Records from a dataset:

######

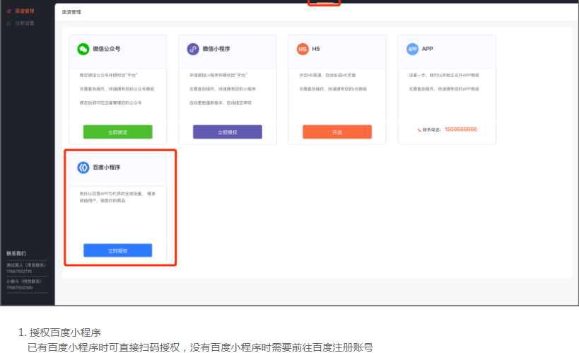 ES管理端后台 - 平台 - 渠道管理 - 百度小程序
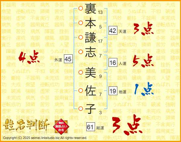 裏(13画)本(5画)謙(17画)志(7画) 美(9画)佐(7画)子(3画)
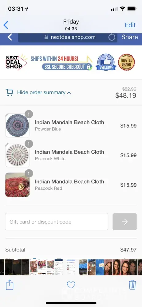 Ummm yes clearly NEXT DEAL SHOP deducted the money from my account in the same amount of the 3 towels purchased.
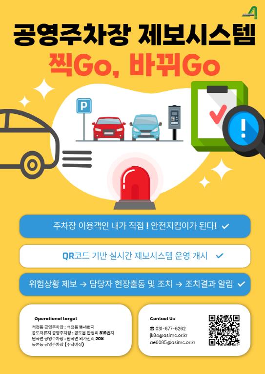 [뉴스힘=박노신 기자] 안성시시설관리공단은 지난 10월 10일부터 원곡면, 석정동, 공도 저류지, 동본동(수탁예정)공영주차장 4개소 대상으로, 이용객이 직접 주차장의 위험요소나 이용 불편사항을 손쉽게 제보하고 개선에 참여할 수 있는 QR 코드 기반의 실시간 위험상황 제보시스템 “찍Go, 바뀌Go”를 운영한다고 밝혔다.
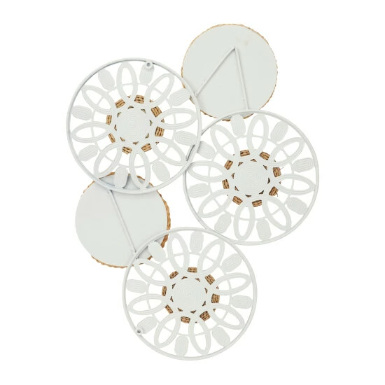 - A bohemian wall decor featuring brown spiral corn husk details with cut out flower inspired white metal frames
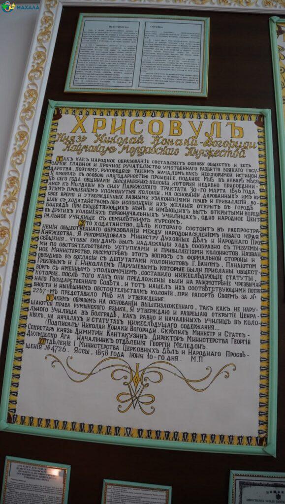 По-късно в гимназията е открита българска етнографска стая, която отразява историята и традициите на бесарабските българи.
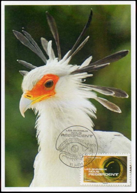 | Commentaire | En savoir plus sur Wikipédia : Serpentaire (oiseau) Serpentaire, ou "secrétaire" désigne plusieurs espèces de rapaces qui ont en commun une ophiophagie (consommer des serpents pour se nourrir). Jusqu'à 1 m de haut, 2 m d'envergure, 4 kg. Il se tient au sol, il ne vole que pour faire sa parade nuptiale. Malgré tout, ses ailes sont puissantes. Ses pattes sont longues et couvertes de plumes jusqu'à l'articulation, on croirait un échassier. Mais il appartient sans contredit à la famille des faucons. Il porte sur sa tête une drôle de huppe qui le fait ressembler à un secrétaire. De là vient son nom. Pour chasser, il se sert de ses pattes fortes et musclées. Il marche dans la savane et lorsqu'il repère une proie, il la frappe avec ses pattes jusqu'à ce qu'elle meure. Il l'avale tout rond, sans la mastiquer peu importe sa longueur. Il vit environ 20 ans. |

######

▶ [Work instruction]: Output the records verbatim without pictures.

▶ [Response box]:
 ES管理端后台 - 平台 - 渠道管理 - 百度小程序
 裏(13画)本(5画)謙(17画)志(7画) 美(9画)佐(7画)子(3画)
 Ummm yes clearly NEXT DEAL SHOP deducted the money from my account in the same amount of the 3 towels purchased.
 [뉴스힘=박노신 기자] 안성시시설관리공단은 지난 10월 10일부터 원곡면, 석정동, 공도 저류지, 동본동(수탁예정)공영주차장 4개소 대상으로, 이용객이 직접 주차장의 위험요소나 이용 불편사항을 손쉽게 제보하고 개선에 참여할 수 있는 QR 코드 기반의 실시간 위험상황 제보시스템 “찍Go, 바뀌Go”를 운영한다고 밝혔다.
 - A bohemian wall decor featuring brown spiral corn husk details with cut out flower inspired white metal frames
 По-късно в гимназията е открита българска етнографска стая, която отразява историята и традициите на бесарабските българи.
 | Commentaire | En savoir plus sur Wikipédia : Serpentaire (oiseau) Serpentaire, ou "secrétaire" désigne plusieurs espèces de rapaces qui ont en commun une ophiophagie (consommer des serpents pour se nourrir). Jusqu'à 1 m de haut, 2 m d'envergure, 4 kg. Il se tient au sol, il ne vole que pour faire sa parade nuptiale. Malgré tout, ses ailes sont puissantes. Ses pattes sont longues et couvertes de plumes jusqu'à l'articulation, on croirait un échassier. Mais il appartient sans contredit à la famille des faucons. Il porte sur sa tête une drôle de huppe qui le fait ressembler à un secrétaire. De là vient son nom. Pour chasser, il se sert de ses pattes fortes et musclées. Il marche dans la savane et lorsqu'il repère une proie, il la frappe avec ses pattes jusqu'à ce qu'elle meure. Il l'avale tout rond, sans la mastiquer peu importe sa longueur. Il vit environ 20 ans. |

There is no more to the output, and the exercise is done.